This application claims the benefit of Korean Patent Application No. 10-2022-0009854, filed Jan. 24, 2022, which is hereby incorporated by reference in its entirety into this application.
The present disclosure relates to a method and apparatus for encoding order information for an encrypted database (DB).
With the advancement of information society, the amount of data processed by individuals and businesses is increased, and resources required for efficiently managing data are also greatly increased. However, it is difficult for all members of information society to bear the expenses required for information management, and more and more information is stored using an external database service.
However, the method of using an external database causes an increase in the number of cases in which sensitive personal information is leaked from such an external database, and it becomes important to present a solution to this problem.
In order to solve the above-mentioned problem, all data is encrypted and stored in a database. Also, an order-preserving encryption technique is used in order to prevent information leakage from an external database.

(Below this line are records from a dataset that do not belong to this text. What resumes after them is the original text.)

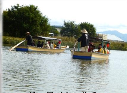
四艘の屋形舟に分乗

商人の町で驚いた光景は、建物など 「国登録有形文化財」の数というか、 広さの割に、ご案内されるブルーの 制服を身に着けたボランティアの人達 が、すごく沢山おられたことでした。
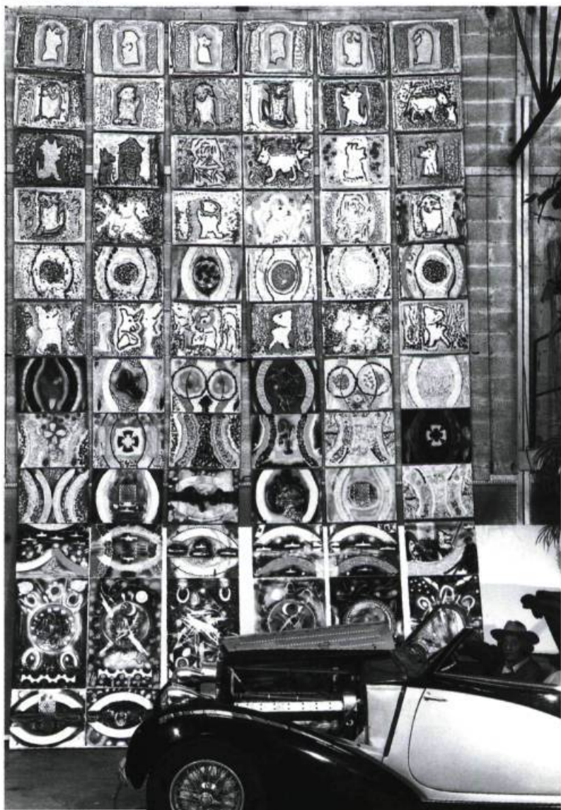
Jean-Paul Riopelle Atelier de Saint-Cyr-en-Arthies, 1989
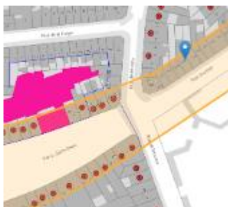
Situation patrimoniale

En réponse à votre courrier du 04/05/2026, nous vous communiquons l'avis émis par la CRMS en sa séance du 22/05/2026, concernant la demande sous rubrique.
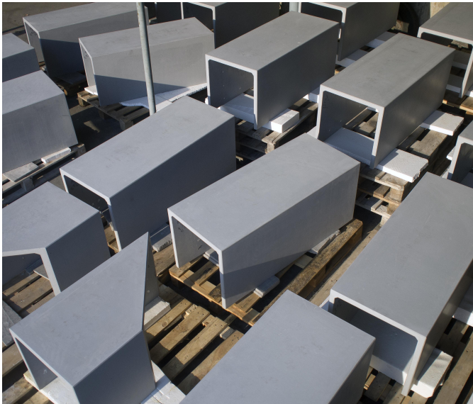
Вироби за індивідуальним замовленням CONC для компанії ZINCO Ukraine.

Матеріал: високоміцний фибробетон CONC Обробка: травлення, шліфування, водовідштовхувальне покриття колір: світло-сірий, білий, на вибір із палітри
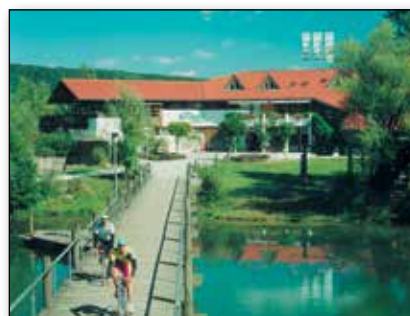
Leistungs- und Ausbildungszentrum Kelheim.

Der Verband Deutscher Tennislehrer VDT e.V. bildet aus:
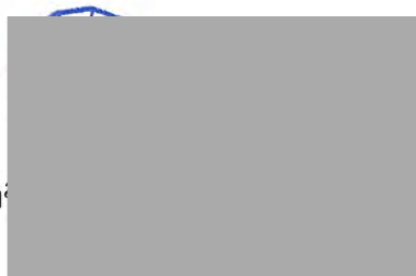
กรรมการผู้มีอำนาจ บริษัท ไดมอนด์ پار্ক จำกัด
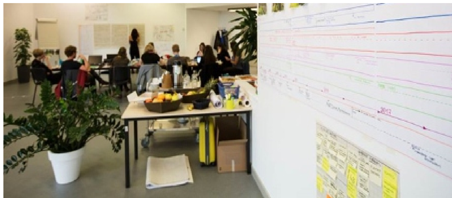
Radionica refleksivnog praćenja u Genku.
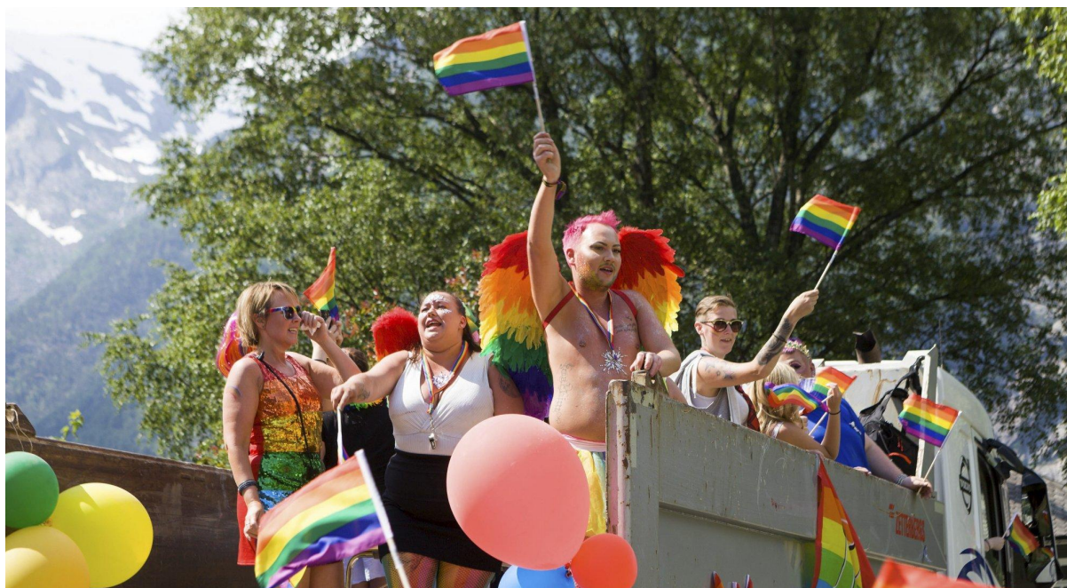
Tysso Pride ble arrangert for fyrste gong i 2020. I Ullensvang skal alle kjenna seg heime og inkludert, uavhengig av kjønnsidentitet og seksuell legning.
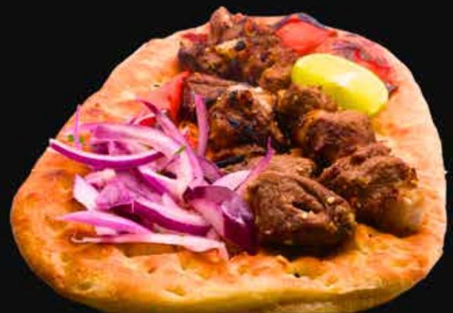
CHUPAN KEBAB €24

160 g naudan sisäfilevartaita , 200 g naudan & lampaan jauhelihavarras ja basmati-sahramiriisin kanssa.
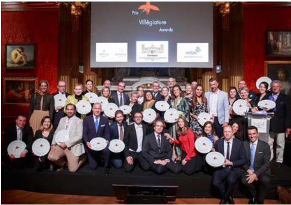
Tous les lauréats du Prix Villégiature 2018

In a conventional order-preserving encryption technique, after a binary tree is generated, a path from a root node to a node corresponding to a plaintext is encoded as order information, and the order information is stored along with a ciphertext.
Encoded information, including a ciphertext and order information of a plaintext, is used as an index for processing a range search query asked by a client.
However, in the conventional order-preserving encryption technique, because the distribution of a specific plaintext is the same as the distribution of a specific ciphertext, the plaintext may be guessed without decryption.
Also, in the conventional order-preserving encryption technique, there is a correlation between a set of known plaintexts and a set of paths of the plaintexts stored in a DB.
Also, in the conventional order-preserving encryption technique, when a binary tree is expanded by inserting a node, tree rotation is required in order to maintain the tree traversal cost, and whenever tree rotation is performed, an order information encoding table has to be again generated.
Therefore, the conventional order-preserving encryption technique has a problem of degraded encryption performance.
An object of the present disclosure is to provide a method and apparatus for encoding order information in order to improve the stability and performance of an encrypted DB.
In order to accomplish the above object, a method for encoding order information according to the present disclosure may include generating multiple binary trees, preparing multiple different secret keys, selecting any one of the multiple secret keys, determining a binary tree corresponding to the selected secret key, and encoding order information of the determined binary tree.
At least one of the multiple binary trees may be formed to have a reverse order to the order of each of remaining binary trees.
The node value of the left subtree of the at least one of the multiple binary trees may be less than the node value of the right subtree thereof, and the node value of the left subtree of each of the remaining binary trees may be greater than the node value of the right subtree thereof.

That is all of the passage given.